Caution in changing EMS policy
“Based on data from this study, caution may be warranted with regards to changes in EMS policy favoring routine intra-arrest transport for the purpose of extracorporeal CPR candidacy assessment at the hospital, as most will likely prove ineligible, and overall survival statistics may actually worsen,” the researchers wrote. “Rather, in settings evaluating extracorporeal CPR provision for out-of-hospital cardiac arrest, systems might consider applying eligibly criteria prior to transport, which may mitigate these risks. Further study is required to determine the efficacy of intra-arrest transport plus extracorporeal CPR compared with exclusive on-scene resuscitation. Alternatively, out-of-hospital on-scene initiation of extracorporeal CPR may benefit from access to mechanical perfusion with-out the risks of hospital transport.”
Survival to discharge was associated with on-site resuscitation whether the out-of-hospital cardiac arrest was EMS-witnessed or not (RR when witnessed = 0.58; 95% CI, 0.5-0.66; RR not witnessed = 0.32; 95% CI, 0.25-0.41).
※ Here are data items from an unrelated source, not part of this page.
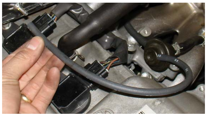
The stock 4mm pressure fuel regulator line is now pressed onto the 3/16" intake port.
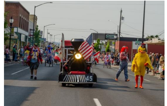
A photo of a train float and people in the Hillyard Parade
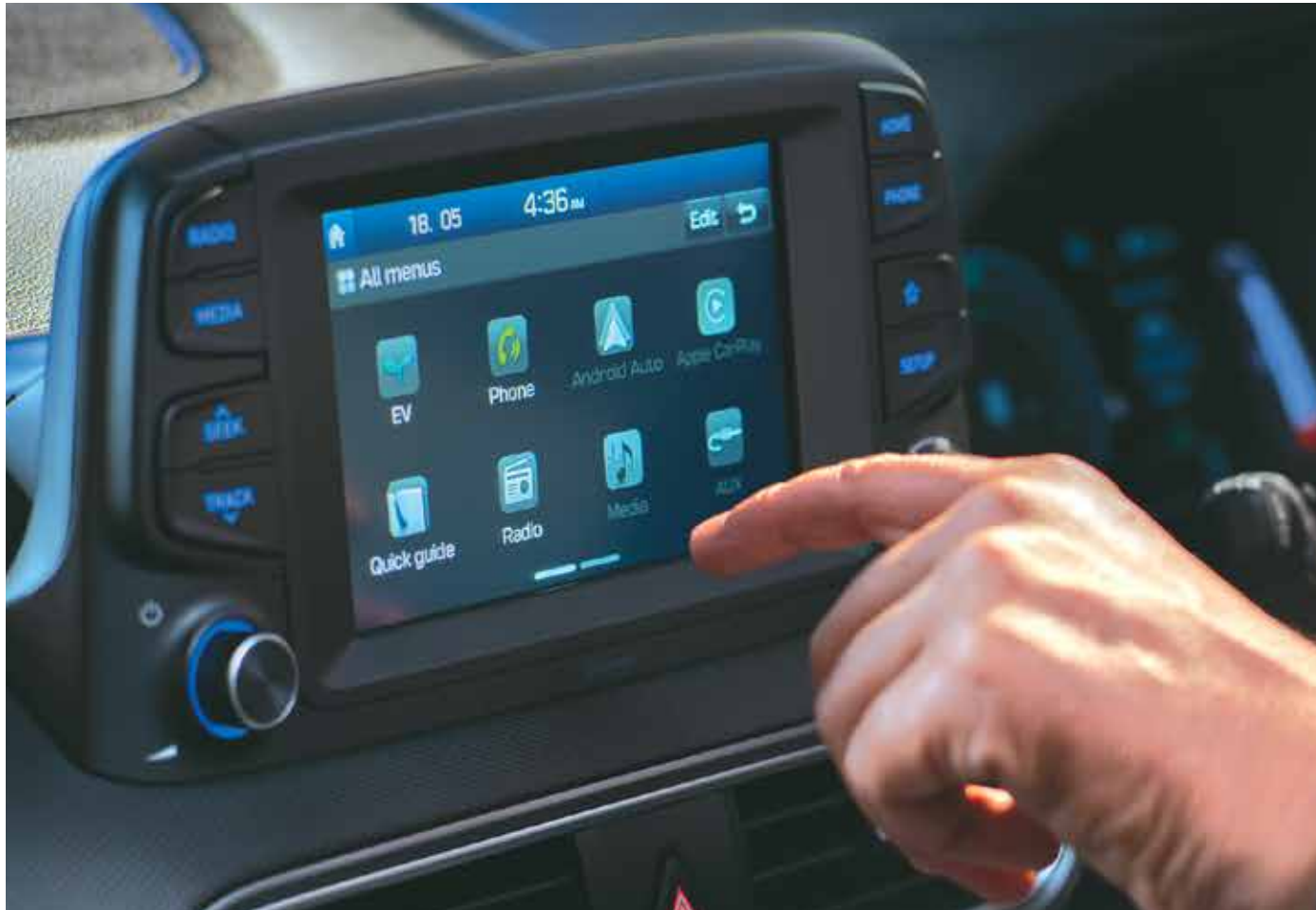
17.7cm (7") Touchscreen Display Audio with Android Auto and Apple CarPlay screen

Get ready for a hassle-free life with KONA Electric that has been created to fit in your world seamlessly. Now you can access your phone, your favourite music and maps, using the multimedia touchscreen display that comes with Apple CarPlay and Android Auto compatibility. To ensure your phone never runs out of battery, there is a wireless charging pad.
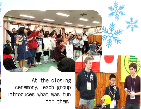
Let's share the day's activities
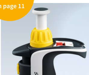
Easy Calibration technology
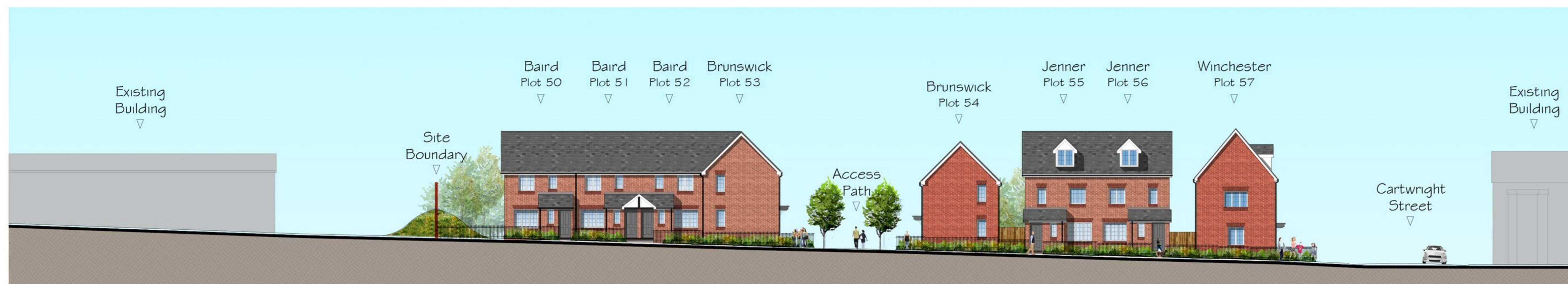
Street Scene A-A

This document and its associated intellectual assets remain the property of Baldwin Design Consultancy Ltd. and no element of such is to be used beyond the contracted usage.
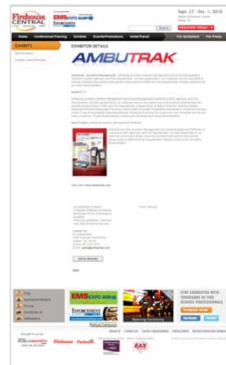
Virtual Booth sample

Add video to either option for only $250.
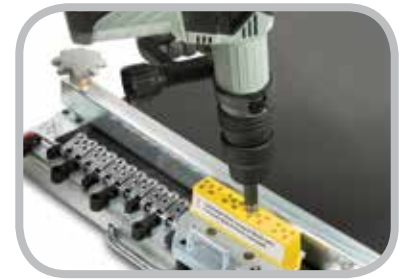
Electric Powered Rivet Driver Installation
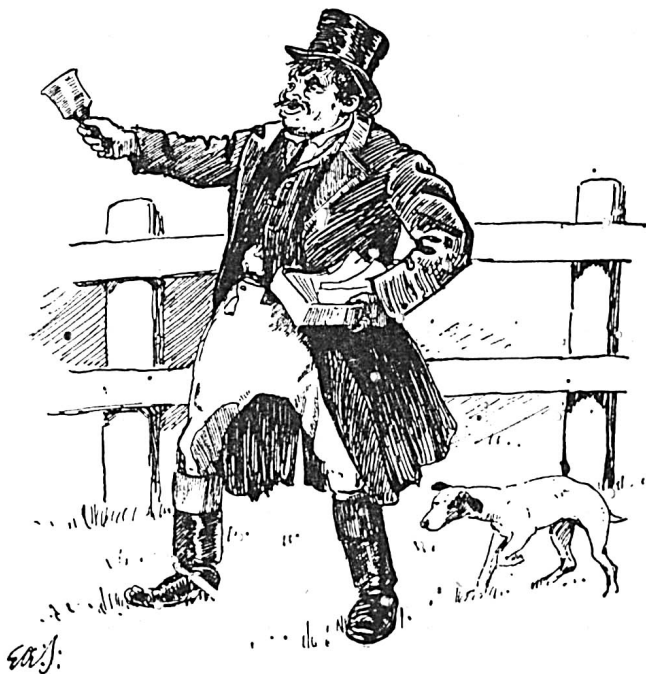
THE EGREGIOUS SLIPPER

and two vagrant fox-terriers were its sole adornment. A dark rim of spectators encircled it,

Similarly, survival to discharge was more likely to occur with on-site resuscitation compared with intra-transport arrest regardless of whether the patient had a shockable rhythm (RR for shockable = 0.55; 95% CI, 0.45-0.68; RR for not shockable = 0.63; 0.53-0.74).
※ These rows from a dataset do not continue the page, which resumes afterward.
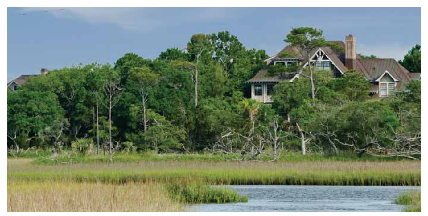
A well screened home maximizes the natural landscape while providing view corridors for homeowners.
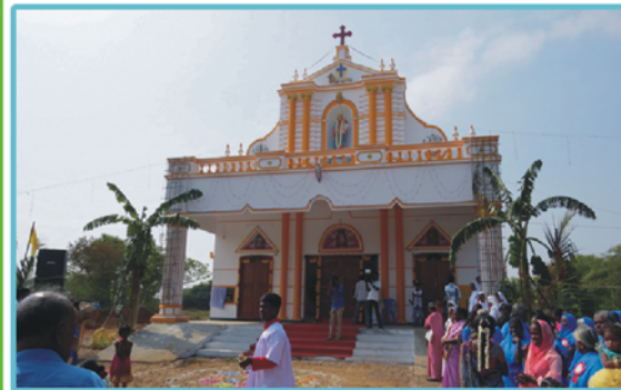
Blessing of Punitha Sagaya Matha Church Peria Nolambai
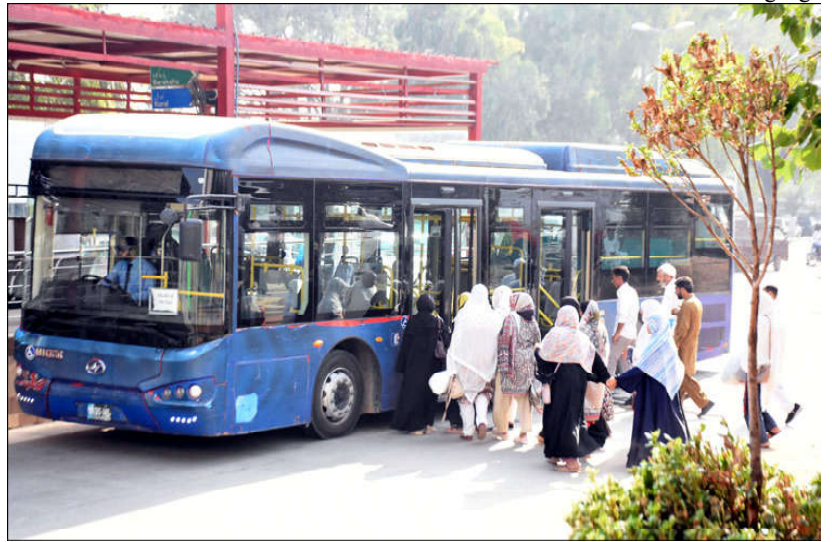
ISLAMABAD: Metro Bus Service resumed in the twin cities.
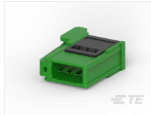
TE Part #4-2295044-3 RITS CONN. PLUG ASSY 3P GREEN TIN
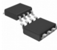
LT1217CS8#PBF Linear Technology / Analog Devices IC OPAMP CFA 10MHZ 8SO
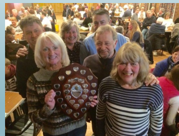
Whips, Spurs & Prosecco celebrate their quiz night victory!

The evening raised over £700 for Kesteven RDA, an excellent start to the fundraising year. Huge thanks to everyone who took part and we look forward to seeing you all again next year.

“The decision not to transport a patient with refractory out-of-hospital cardiac arrest to hospital may be seen as providing a less aggressive resuscitative effort,” Grunau said in an interview. “However, the true question is not whether to transport to hospital or terminate the resuscitation, but rather whether to transport to hospital or continue resuscitation on-scene. The appropriate duration of resuscitation prior to consideration of termination is a separate clinical question, which should not cloud the clinical question of optimal resuscitation location.”
Challenging ‘scoop and run’
“These findings challenge the ‘scoop and run’ model for out-of-hospital cardiac arrest by suggesting a strong clinical benefit associated with continuing the resuscitation on scene until a definitive outcome has been achieved,” Alexander X. Lo, MD, PhD, associate professor of emergency medicine at the Feinberg School of Medicine at Northwestern University, wrote in a related editorial. “Before embracing this model, and substantially changing the out-of-hospital approach to out-of-hospital cardiac arrest, more definitive studies, including high-quality randomized trials, will be needed.
“Region-specific variables may behave in a more sophisticated fashion than simple confounding factors,” Lo wrote. “While the results of the study by Grunau et al represent the summary experience across the 10 diverse study sites and 192 EMS systems, the potentially significant heterogeneity between the patient populations and between EMS systems challenge both the generalizability of the study findings and the likelihood that individual communities and EMS systems would enthusiastically adopt a practice change as a result of this study.”